Maltempo  PakistanE’ emergenza in Pakistan e precisamente nell’area di Khyber Pakhtunkhwa e nella provincia di Baluchistan, dove il maltempo degli ultimi giorni si è particolarmente accanito.
Secondo le ultime informazioni in nostro possesso, sarebbero decine le persone decedute a causa di condizioni climatiche estreme.
Sia la zona nord-ovest che quella sud-ovest del Paese sono colpite da oltre due giorni da neve o piogge continue, che stanno mettendo a dura prova la popolazione, anche per il fatto che molte abitazioni e strade non sono costruite con criteri che permettano loro di opporre una resistenza adeguata davanti alla forza distruttiva di determinate calamità naturali, che stanno diventando una costante in questa parte del mondo.

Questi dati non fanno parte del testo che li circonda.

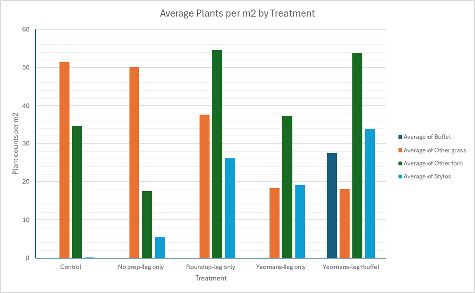 The site was planted on 26 February 2025. The Yeoman’s ripping was undertaken a few days before and was just a single pass. The spraying of RoundUp (4 L/ha) was done the same day as planting, as the existing vegetation on the site was green and growing. Stylo treatments were planted with a mix of 85% shrubby and 15% caatinga stylo at a total rate of 3.9 kg/ha. The stylos + buffel plots were also planted with coated Gayndah buffel at 31.2 kg/ha. Single super-phosphate fertiliser was applied at 239 kg/ha to address the low phosphorus, sulfur and calcium levels in the soil.
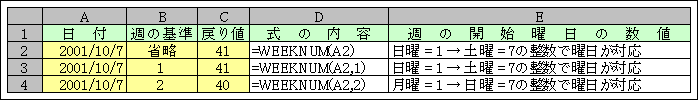 書 式 | WEEKNUM(シリアル値,週の基準) |
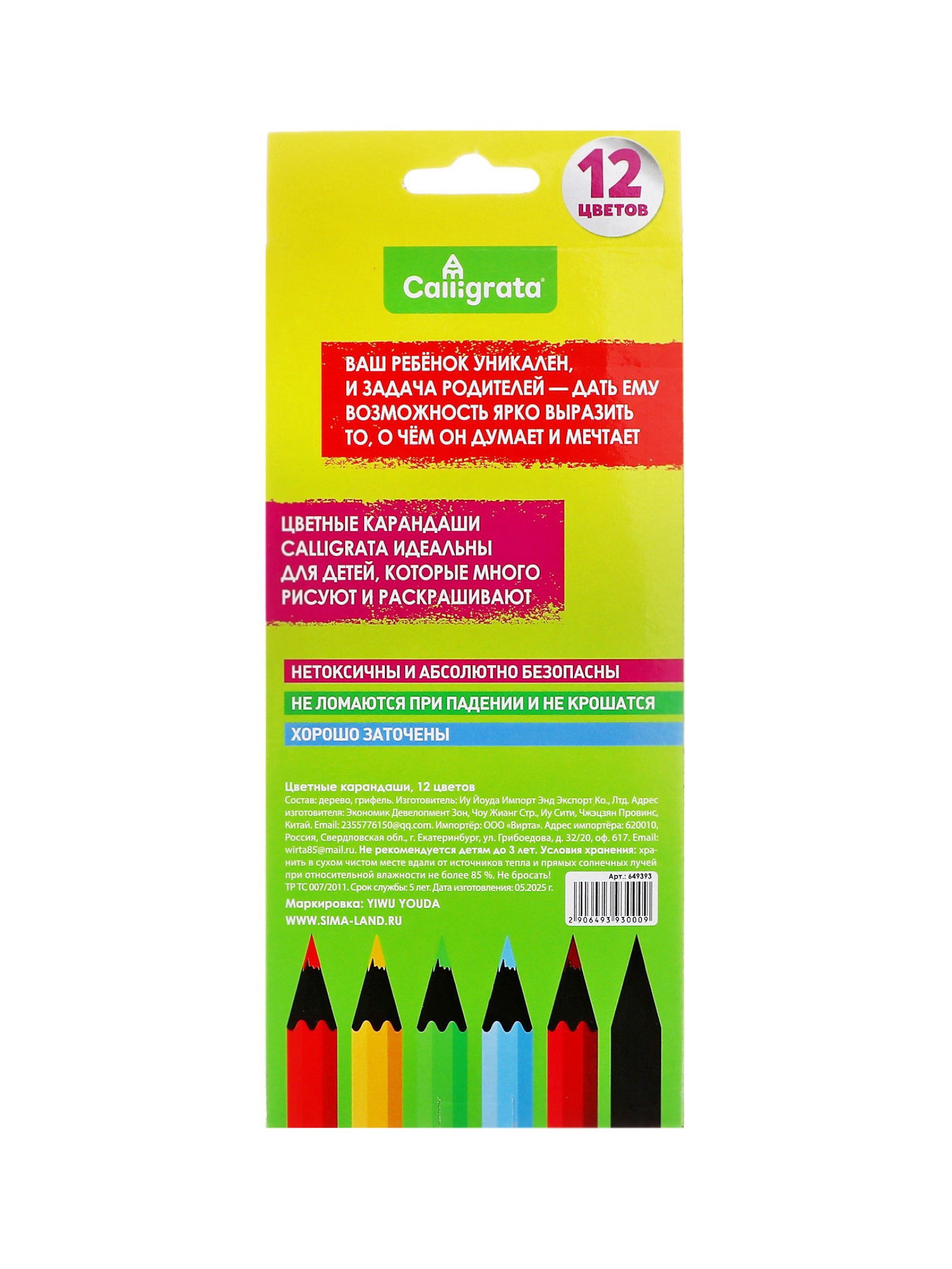Карандаши цветные заточенные, 12 цветов, в картонной коробке, Calligrata, Китай

Nella notte un violento sisma di grado 8.0 ha infatti colpito il Pacifico, causando morti nelle isole Salomone e un allarme Tsunami esteso fino alle coste del Giappone.
Per quanto riguarda la situazione di crisi in Pakistan e le sue immediate conseguenze, secondo quanto dichiarato da Muhammad Hanif, direttore dell’Ufficio metereologico di Islamabad, al momento il governo pakistano è a conoscenza di almeno 42 morti accertati, molti dei quali rimasti sotto le macerie delle loro case, incapaci di reggere all’urto dell’eccezionale ondata di maltempo, ma purtroppo il loro numero sembra destinato ad aumentare sensibilmente.
Centinaia sono poi i feriti, che, dopo essere stati soccorsi, stanno ricevendo le cure del caso, anche se esiste il pericolo concreto che in alcune zone molte persone siano rimaste isolate.
Più in particolare il manto di neve ha raggiunto un’altezza di 3,5 piedi a Malam Jabba e di 3 piedi a Kalab.
In queste zone c’è molta preoccupazione perché anche per la giornata di oggi, 6 febbraio, sono annunciate abbondanti nevicate, che renderanno ancora più complicate e lente le operazioni di soccorso delle persone in difficoltà.
La città che al momento risulta più colpita dalla pioggia è Cherat (150 mm circa raccolti).
In via precauzionale le autorità competenti hanno deciso di chiudere molte strade, tra cui quelle che conducono a Murree, Galliat e Ghizar.
A Pindi Batthian sarebbe crollato il tetto di un albergo, che avrebbe causato la morte di alcune persone.